WHAT THE TASK REQUIRES. Print every line from the start of the data, and when you reach the line with "2.951 ), 后续继续【整理】下跌动力依然存在,下跌空间适中", include it and stop. Pictures are not part of the copy.

DATASET EXTRACT.

◆ ◆ ◆ ◆ ◆

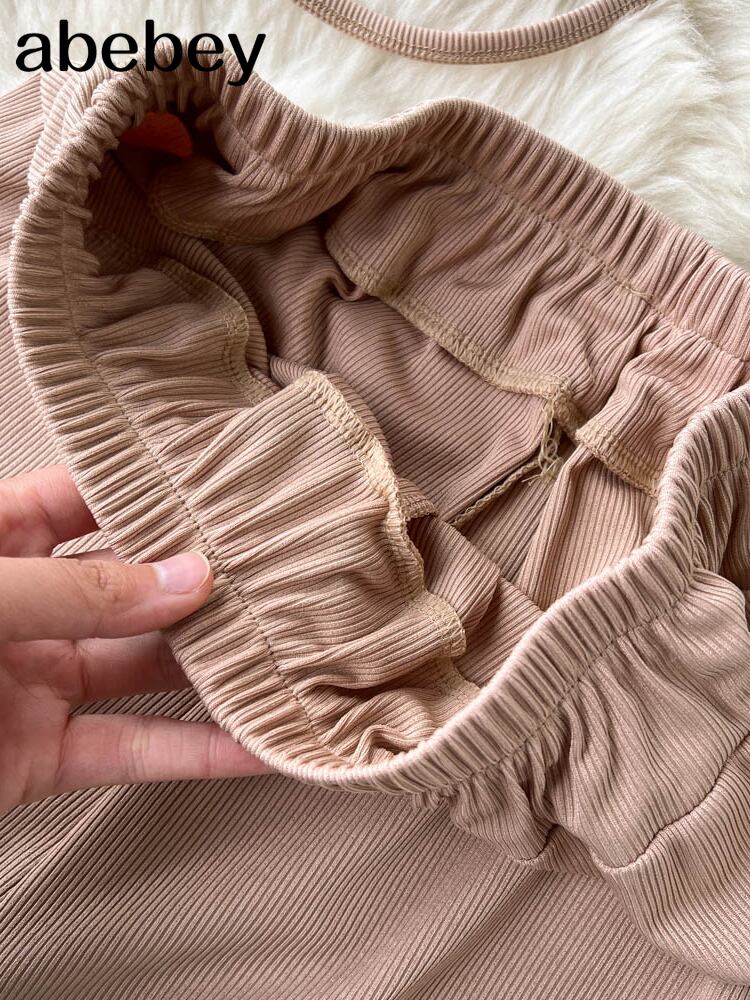 女性の夏 2022 ニットセット弾性スリムスポーツレトロ固体気質セクシーなスクエアネックツーピースセット エラスティック 伸縮 サマー 夏物 ソリッドカラー スクウェア Abe42282959042
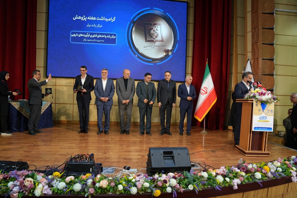 مرکز رشد فرآورده های دارویی | معرفی شرکت نانوفناوران نارین طب به عنوان شرکت فناور برتر دانشگاه علوم پزشکی تهران در مراسم روز پژوهش
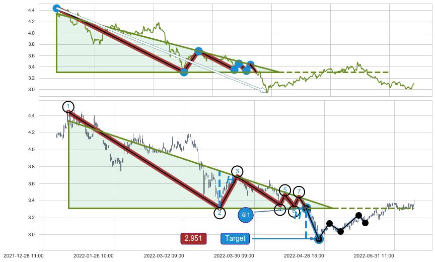 ➢ 【已达成】最小【整理】第一目标价格→(04-27:09: 2.951 ), 后续继续【整理】下跌动力依然存在,下跌空间适中
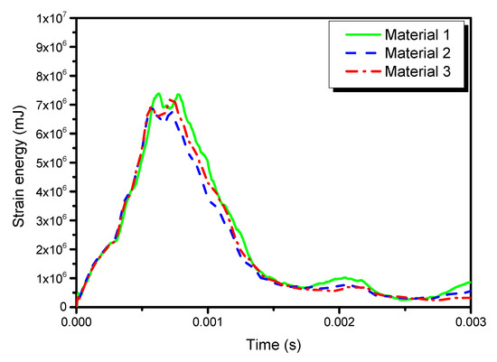 Figure 14, Figure 15 and Figure 16 show the time histories of kinetic energies, strain energies, and damage dissipation energies in the three models, respectively. The time histories of kinetic energies and strain energies in the three models are close to each other, which also indicates that the global deformations are similar in different materials. However, the damage dissipation energies are quite different in the three models, with material 2 the lowest and material 3 the highest. A preliminary explanation is that material 2 is characterized by high stiffness and high strength. On the contrary, it can be noted that material 3 is characterized by the lowest strength parameters.

◆ ◆ ◆ ◆ ◆

SOLUTION TO THIS TASK.
 女性の夏 2022 ニットセット弾性スリムスポーツレトロ固体気質セクシーなスクエアネックツーピースセット エラスティック 伸縮 サマー 夏物 ソリッドカラー スクウェア Abe42282959042
 مرکز رشد فرآورده های دارویی | معرفی شرکت نانوفناوران نارین طب به عنوان شرکت فناور برتر دانشگاه علوم پزشکی تهران در مراسم روز پژوهش
 ➢ 【已达成】最小【整理】第一目标价格→(04-27:09: 2.951 ), 后续继续【整理】下跌动力依然存在,下跌空间适中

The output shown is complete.